If Testing Companies Use AI to Grade
Source: Nick Potkalitsky Substack
Author: Nick Potkalitsky
Original source: https://nickpotkalitsky.substack.com/p/if-testing-companies-use-ai-to-grade
Private backup: the full article text is archived in the private repository at archives/articles/nickpotkalitsky-substack-com-if-testing-companies-use-ai-to-grade.source.md. It is not published on the public Quartz site.
Summary
Nick Potkalitsky investigates what it means when standardized tests or districts use “AI” to grade student writing. He distinguishes Ohio’s operational use of discriminative AI, which classifies existing writing under human-validated scoring systems, from generative AI tools like ChatGPT, which produce new text and remain unreliable for grading. The article emphasizes prompt sensitivity, model drift, inconsistent harshness or leniency, and potential bias against English learners when training data is insufficient or unrepresentative. Potkalitsky argues educators should ask precise questions about AI type, training data, validation, human oversight, and which students might be disadvantaged.
Big ideas
- AI tools should be judged by the work they will actually do
- Schools should start with learning values before choosing AI tools
- District AI work is a long-term redesign project
- AI access tiers can widen educational inequity
Claims
- AI grading systems need transparency, validation, and bias checks
- AI tools should be tested on the real tasks they will be used for
- Schools should start with learning values before choosing AI tools
- Rushed school AI plans can worsen wellbeing and equity risks
Key evidence and examples
- Ohio’s system is described as a hybrid human-AI process rather than ChatGPT-style grading.

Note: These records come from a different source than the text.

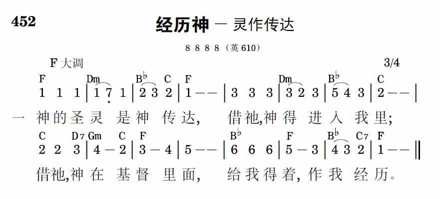 但愿父神对我之爱,在子神里成我恩典,借着灵神交通传达,使我得享神的丰满。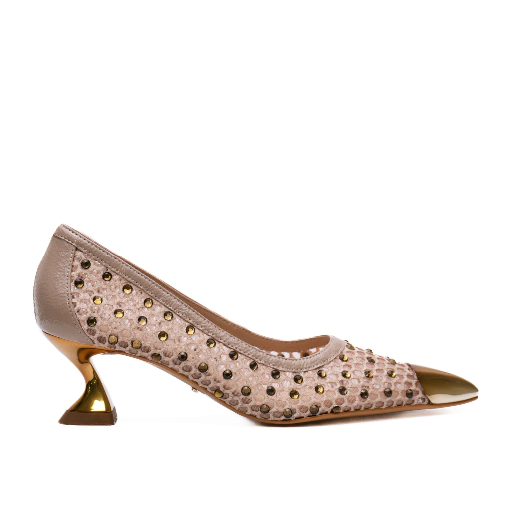 O modelo apresenta uma base em malha crochê nude com pequenos cristais brilhantes e verniz texturizado nude.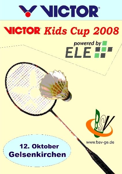 Der letzte Feriensonntag im Oktober und wieder ging es beim BSV Gelsenkirchen rund: Zum dritten Mal startete das Schülerturnier um den VICTOR Kids Cup in den Hallen im Berger Feld. Wie im Vorjahr unterstützen auch an diesem Feriensonntag der Badmintonspezialist Vic-tor und der heimische Energielieferante ELE großzügig das Schülerturnier des Badmin-ton Sport Vereins Gelsenkirchen. Zunächst konnte die Spielvereinigung Sterkrade Nord den Pokal für die erfolgreichste Teilnahme im Vorjahr entgegennehmen. Danach hatten die vielen Helfer des Ausrichters wieder einmal alle Hände voll zu tun, um in drei Hallen auf sechzehn Spielfeldern die knapp zweihundert Spiele abzuwickeln. Daneben gab es in zwei weiteren kleinen Hallen diverse Spiele zum Zeitvertreib für alle Teilnehmer, u.a. einen Dosenwurfwettbewerb. Natürlich gab es auch wieder das kostenlose Veranstaltungs-T-Shirt für die ersten hundert Schüler. Auf den Spielfeldern mussten die Schüler ihre badmintonspezifischen Fähigkeiten unter Beweis stellen, die jüngeren zusätzlich die allgemeinen in einem Geschicklichkeitswettbe-werb, der auf die Anforderungen eines zukünftigen Badmintonspielers abgestimmt war. So waren ein Hindernisparcour zu überwinden, der bekannte Kasten-Bumerang-Lauf zu absolvieren, Federbälle mit badmintongerechter Lauftechnik von der Bank zu schubsen, ein Medizinball-Nummernlauf (bei dem sich die eigenen vier Buchstaben jeweils möglichst schnell auf nummerierte Medizinbälle setzen mussten) zu überstehen und Zielsicherheit beim Dosenwurf unter Beweis zu stellen. Natürlich konnten diese und andere Spiele bzw. Übungen auch von allen anderen ausprobiert werden. Gekämpft wurde in allen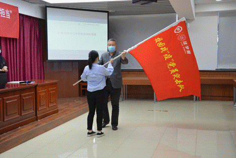 启动仪式上,公司党委书记阮大强向公司“校园战‘疫’党员突击队”代表、研究生毕业年级党支部书记王乔羽授旗并讲话。对公司师生党员在抗击疫情、复课开学及校园防控期间“不忘初心、牢记使命”,牢记党的宗旨、践行党员责任,充分发挥党员的先锋模范和党支部的战斗堡垒作用给予了充分的肯定。对全体员工党员继续巩固“不忘初心、牢记使命”主题教育成果,积极响应公司党委号召在复课开学疫情防控工作中“亮身份、展旗帜、强责任、勇担当”,坚定信念、知行合一、敢于担当、创先争优提出希望和要求。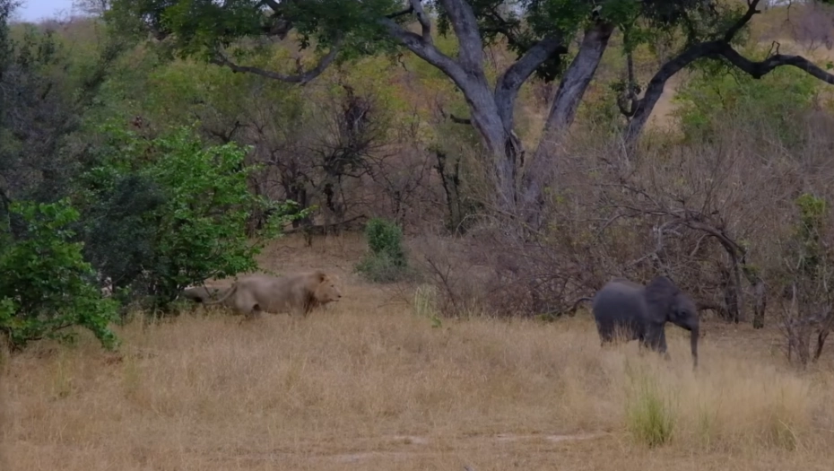 "Lavovi su, osetivši priliku, izašli na put i ubrzo shvatili da je majka slonica ostavila svoje mladunče iza sebe. Mlađi mužjak lava je preuzeo vođstvo u jurnjavi za bespomoćnom slonicom. Nasuprot tome, stariji lav je samo stajao i posmatrao dok je i lavica delovala nezainteresovano“.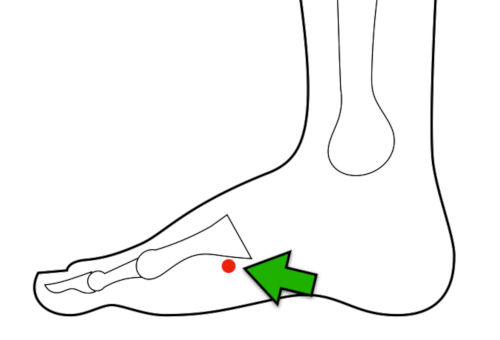SP-4 is located in the depression distal and inferior to the base of the first metatarsal. It's about 1 cun away from SP-3; don't go all the way to the cuneiform bone.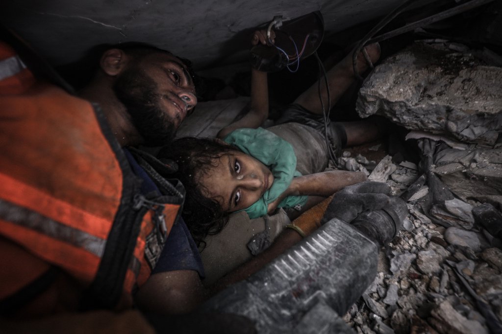 当地时间2025年9月16日,加沙城,以色列袭击了谢瓦广场的一个居民区,11岁的巴勒斯坦女孩马拉赫·哈达德被困在废墟下,经过近10个小时的努力,民防部队将其救出并送往浸信会医院接受治疗。视觉中国图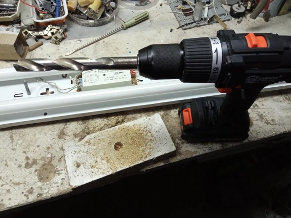 Переключатель запускает светильник КУ, обеспечивая светильник при работе дрели
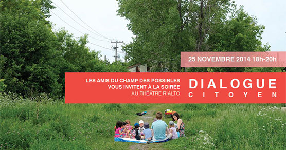 Les Amis du Champ des possibles invitent la communauté à participer à une soirée conviviale de consultation citoyenne qui se tiendra le mardi 25 novembre prochain, de 18h à 21h, au Théâtre Rialto.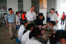 下午,慰問團馬不停蹄地趕到了北洛中學,看望了外國語學院實踐分團的師生。在參觀了宿舍和食堂之后,盧思鋒副書記向同學們了解了實踐活動進展情況以及生活情況,并表達了深切的關懷,他對同學們說:“你們已經用實際行動贏得了北洛中學校方的信任,在接下來的幾天中要繼續發揚成績,做好總結,注意安全。”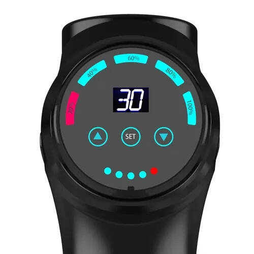 ДО 30 СТУПЕНІВ ІНТЕНСИВНОСТІ - масажер має до 30 ступенів інтенсивності масажу! Це дуже великий діапазон, що дозволяє індивідуально регулювати швидкість залежно від м'язів, у яких вона використовуватиметься. Пістолет має чіткий дисплей, на якому відображається заданий рівень, тому маєте постійний контроль над ним. Інтенсивність роботи змінюється за допомогою чутливої сенсорної панелі, досить злегка доторкнутися до неї – зміни режиму не доведеться змушувати її.

- The article contrasts operational scoring systems with generative AI experiments that are sensitive to prompts, model versions, and scoring persona.
- It cites concerns that English learner essays can be scored lower than native-speaker essays judged equal by human raters.
- The article calls for documentation, validation, representative data, bias testing, and human oversight before consequential grading use.
Education relevance
Highly relevant for standardized testing, district AI procurement, writing assessment, English learner equity, and responsible AI governance in schools.